Phil Egan It will be different this year. There will be no crowds of happy thousands decked out in red and white, merrily waving maple leaf flags.
FirstCanadaDay
Front Street, as it appeared looking south from Lochiel Street in 1869. People had lined up on its wooden sidewalks two summers earlier to take in the very first Canada Day parade, or Dominion Day as it was originally known. One structure still standing today is the Belchamber Hotel, on the left, which then had balconies overhanging the street. Other businesses include a barbershop and clothing and dry good store. In the distance are several horse-drawn carriages and wagons. Photo courtesy, Lambton County Archives, 9JA-N

Phil Egan

It will be different this year.

There will be no crowds of happy thousands decked out in red and white, merrily waving maple leaf flags.

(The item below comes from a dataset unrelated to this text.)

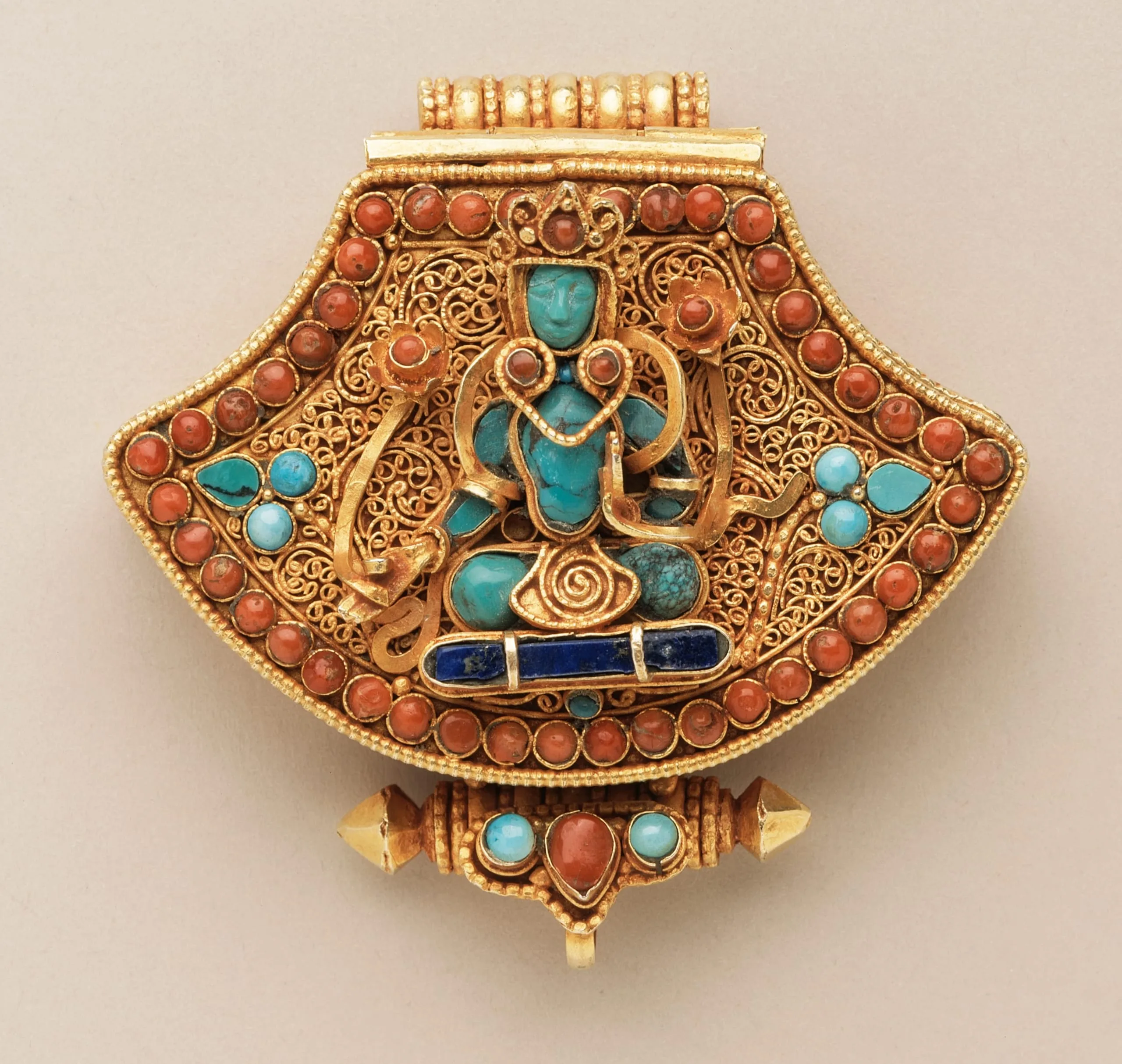 See numerous comparable amulet pendants in Jane Casey Singer, Gold Jewelry from Tibet and Nepal (New York: Thames and Hudson, 1996); and John Clarke, Jewellery of Tibet and Himalayas (London: V&A Publications, 2004).

Festivities in Canatara Park have gone dark, with the usual parade cancelled, food and craft booths missing, hot air balloons grounded, and sports fields quiet.

For Sarnia – a city known for the vigour and spirit with which it celebrates our national holiday, it’s a cruel and unnatural blow. COVID-19 restrictions remain in place.

So it’s a good time to consider the importance of our very first Canada Day – especially, in a border town like Sarnia.

In 1864, as delegates of the British North American colonies gathered at Province House in Charlottetown, Sarnia was a town of 2,091 souls. Delegates from Ontario, Quebec, and the Atlantic provinces of Nova Scotia and New Brunswick had much on their mind.

South of the border, the U.S. Civil War was entering its final full year. During that conflict, Canada’s colonies had been confronted with frightening examples of an increasingly aggressive America.

In the wake of a naval incident known as the Trent Affair, Britain had rushed 14,000 troops to British North America as war fervor mounted. Fear of invasion abated only when the U.S. finally returned two Confederate diplomats in had forcibly removed from a British ship.

Breaches of Canadian territory followed, with the Confederate seizure of the American ship Chesapeake in Nova Scotian waters in 1863, raising tensions again. Late in 1864, American troops in Vermont were only prevented from pursuing Confederate bank robbers into Montreal by a direct order from President Abraham Lincoln.

But Montreal continued to be known for harbouring Confederate spies, and fears of American vengeance was constant. The American government included a number of rabid annexationists including the U.S. Secretary of State, who dreamed of a U.S. stretching from Mexico to the Arctic Circle.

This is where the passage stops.